Conversely, 9 of the 10 states with the lowest rates of teen births voted Democratic in 2004; North Dakota was the only red state to crack the top 10. (Sarah Palin's home state of Alaska is in the middle of the pack at number 23.)
Of course, a wide range of demographic, economic and other factors influence the rates of teen pregnancy and out-of-wedlock births across the United States. But bad social policy is surely among them. And make no mistake, bad policy on sex education is exactly what John McCain and soon-to-be grandmother Sarah Palin have in mind for all 50 states.
UPDATE: The Washington Post is now reporting that Governor Palin "earlier this year used her line-item veto to slash funding for a state program benefiting teen mothers in need of a place to live."
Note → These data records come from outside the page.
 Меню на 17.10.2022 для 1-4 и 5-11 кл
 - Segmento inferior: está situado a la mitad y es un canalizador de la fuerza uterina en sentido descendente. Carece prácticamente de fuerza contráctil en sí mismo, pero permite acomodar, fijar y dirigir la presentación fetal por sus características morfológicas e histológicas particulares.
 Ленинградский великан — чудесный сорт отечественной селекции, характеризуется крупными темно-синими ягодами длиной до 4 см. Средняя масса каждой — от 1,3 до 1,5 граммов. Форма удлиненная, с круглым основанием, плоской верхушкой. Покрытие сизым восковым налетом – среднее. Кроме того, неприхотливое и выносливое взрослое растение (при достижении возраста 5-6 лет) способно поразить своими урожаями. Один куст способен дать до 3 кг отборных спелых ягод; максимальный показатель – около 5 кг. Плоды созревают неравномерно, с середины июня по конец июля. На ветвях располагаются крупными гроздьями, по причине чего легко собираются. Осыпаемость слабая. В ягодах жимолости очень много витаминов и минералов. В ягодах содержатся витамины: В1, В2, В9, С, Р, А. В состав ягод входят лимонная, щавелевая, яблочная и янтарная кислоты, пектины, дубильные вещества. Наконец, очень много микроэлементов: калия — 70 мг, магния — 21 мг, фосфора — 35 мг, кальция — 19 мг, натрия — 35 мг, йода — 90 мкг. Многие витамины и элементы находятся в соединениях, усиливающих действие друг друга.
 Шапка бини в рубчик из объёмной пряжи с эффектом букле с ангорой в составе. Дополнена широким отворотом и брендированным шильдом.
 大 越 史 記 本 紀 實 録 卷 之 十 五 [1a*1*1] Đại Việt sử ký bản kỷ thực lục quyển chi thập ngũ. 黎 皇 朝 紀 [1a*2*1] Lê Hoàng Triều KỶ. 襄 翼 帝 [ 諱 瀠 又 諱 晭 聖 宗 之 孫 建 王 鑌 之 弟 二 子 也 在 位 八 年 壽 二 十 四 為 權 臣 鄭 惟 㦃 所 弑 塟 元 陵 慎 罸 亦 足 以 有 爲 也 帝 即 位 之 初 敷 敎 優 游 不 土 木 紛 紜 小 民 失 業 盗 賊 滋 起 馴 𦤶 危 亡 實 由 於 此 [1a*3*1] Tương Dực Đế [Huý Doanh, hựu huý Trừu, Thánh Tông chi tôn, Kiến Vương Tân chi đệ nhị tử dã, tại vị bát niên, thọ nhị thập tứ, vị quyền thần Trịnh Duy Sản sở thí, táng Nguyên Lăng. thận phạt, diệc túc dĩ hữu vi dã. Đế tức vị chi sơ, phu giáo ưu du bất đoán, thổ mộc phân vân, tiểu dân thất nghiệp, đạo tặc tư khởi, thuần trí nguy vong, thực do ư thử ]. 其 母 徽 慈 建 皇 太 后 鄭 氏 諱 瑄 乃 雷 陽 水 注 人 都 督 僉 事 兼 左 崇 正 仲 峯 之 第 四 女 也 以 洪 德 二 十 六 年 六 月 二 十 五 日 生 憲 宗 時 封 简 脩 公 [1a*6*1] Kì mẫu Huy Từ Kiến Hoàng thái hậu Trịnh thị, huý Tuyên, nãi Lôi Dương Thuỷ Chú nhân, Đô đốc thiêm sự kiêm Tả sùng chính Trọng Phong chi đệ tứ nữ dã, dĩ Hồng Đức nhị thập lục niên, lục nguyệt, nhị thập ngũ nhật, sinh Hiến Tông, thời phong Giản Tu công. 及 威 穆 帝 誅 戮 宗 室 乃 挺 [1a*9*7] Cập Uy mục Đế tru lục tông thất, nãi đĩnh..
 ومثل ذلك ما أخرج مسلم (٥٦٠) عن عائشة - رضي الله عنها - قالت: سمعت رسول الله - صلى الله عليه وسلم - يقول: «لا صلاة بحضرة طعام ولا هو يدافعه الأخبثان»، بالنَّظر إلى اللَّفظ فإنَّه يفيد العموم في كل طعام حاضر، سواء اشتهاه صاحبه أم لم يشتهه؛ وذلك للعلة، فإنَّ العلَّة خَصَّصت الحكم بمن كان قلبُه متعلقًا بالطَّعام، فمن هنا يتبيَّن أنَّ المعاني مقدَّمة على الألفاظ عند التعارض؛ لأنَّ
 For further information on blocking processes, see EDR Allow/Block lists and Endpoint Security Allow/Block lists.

I think if girls play around then it should be
up to the parent to see that the needs of the girl and baby are met and also to the boy that did it they should not have to use our tax dollors it won't help much
laska, according to Guttmacher, is # 1 for contraception access. So, please, don't preach about "abstinence-only" when you're wrong.
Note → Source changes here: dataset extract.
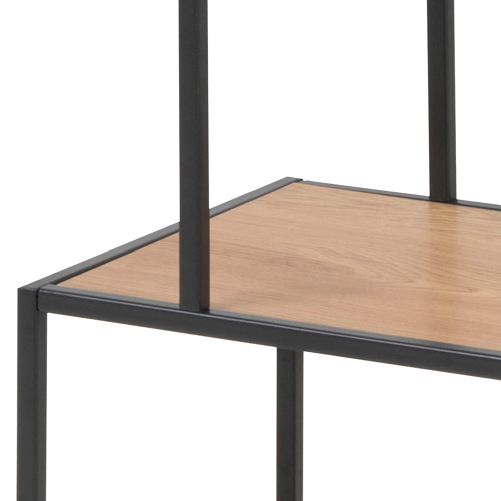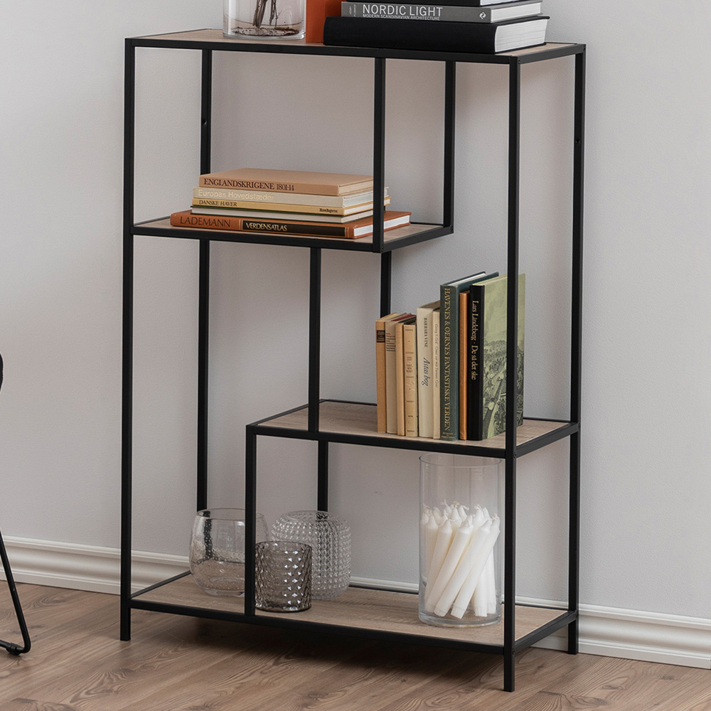 Florence Seaford 3 Shelf Oak and Black Metal Asymmetrical Bookcase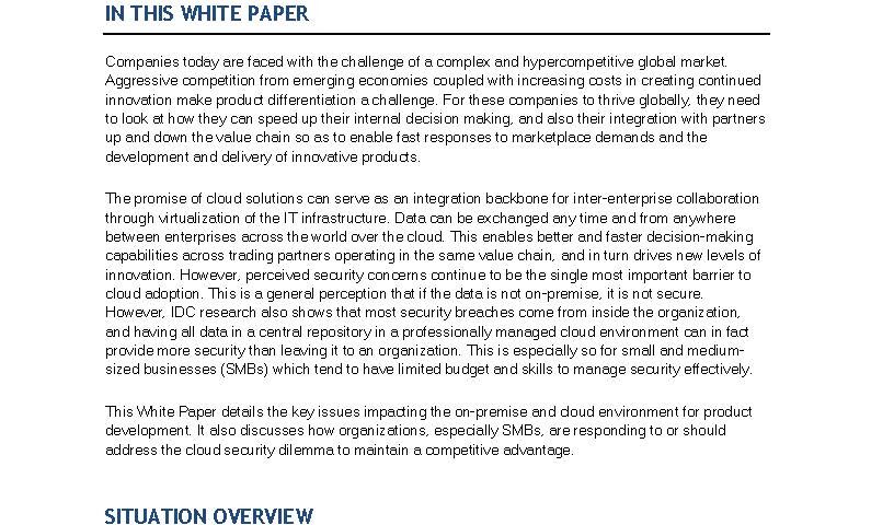 This White Paper details the key issues impacting the on-premise and cloud environment for product development. It also discusses how organizations, especially SMBs, are responding to or should address the cloud security dilemma to maintain a competitive advantage.

Among the 50 states and the District of Columbia, Alaska ranked
* 1st in service availability;
* 14th in laws and policies;
* 1st in public funding; and
* 2nd overall.
http://www.guttmacher.org/pubs/state_data/states/alaska.html
The 28 states participating in a federal abstinence education program and the amount they have received in federal grants this year:
Alabama, $716,369
Arizona, $776,082
Arkansas, $440,640
Florida, $1.9 million
Georgia, $1.1 million
Hawaii, $122,091
Illinois, $1.4 million
Indiana, $565,556
Iowa, $238,648
Kansas, $252,832
Kentucky, $612,974
Louisiana, 962,673
Maryland, $427,257
Michigan, $1.1 million
Mississippi, $621,716
Missouri, $664,196
Nebraska, $164,055
Nevada, $210,130
New Hampshire, $71,177
North Carolina, $936,723
North Dakota, $66,744
Oklahoma, $517,756
Oregon, $365,772
South Carolina, $563,972
South Dakota, $102,285
Texas, $3.6 million
Utah, $216,117
West Virginia, $289,389
Source: Administration for Children and Families, U.S. Department of Health and Human Services
States ranked by rates of pregnancy among women age 15-19 (pregnancies per thousand):
1. Nevada (113)
2. Arizona (104)
3. Mississippi (103)
4. New Mexico (103)
5. Texas (101)
6. Florida (97)
7. California (96)
8. Georgia (95)
9. North Carolina (95)
10. Arkansas (93)
States ranked by rates of live births among women age 15-19 (births per thousand):
1. Mississippi (71)
2. Texas (69)
3. Arizona (67)
4. Arkansas (66)
5. New Mexico (66)
6. Georgia (63)
7. Louisiana (62)
8. Nevada (61)
9. Alabama (61)
10. Oklahoma (60)
Notice a missing state?
And the budget she "slashed" was Covenant House, a faith based place for runaways. They treated about 3500 kids in the last year. The place got federal funding and is expanding into a large space in downtown Anchorage. Don't you fact check?
thank you
That's a ton of money thrown into a futile effort. The funds could have been more productively deployed in telling obese children not to eat so much. Waste, fraud, and abuse writ large.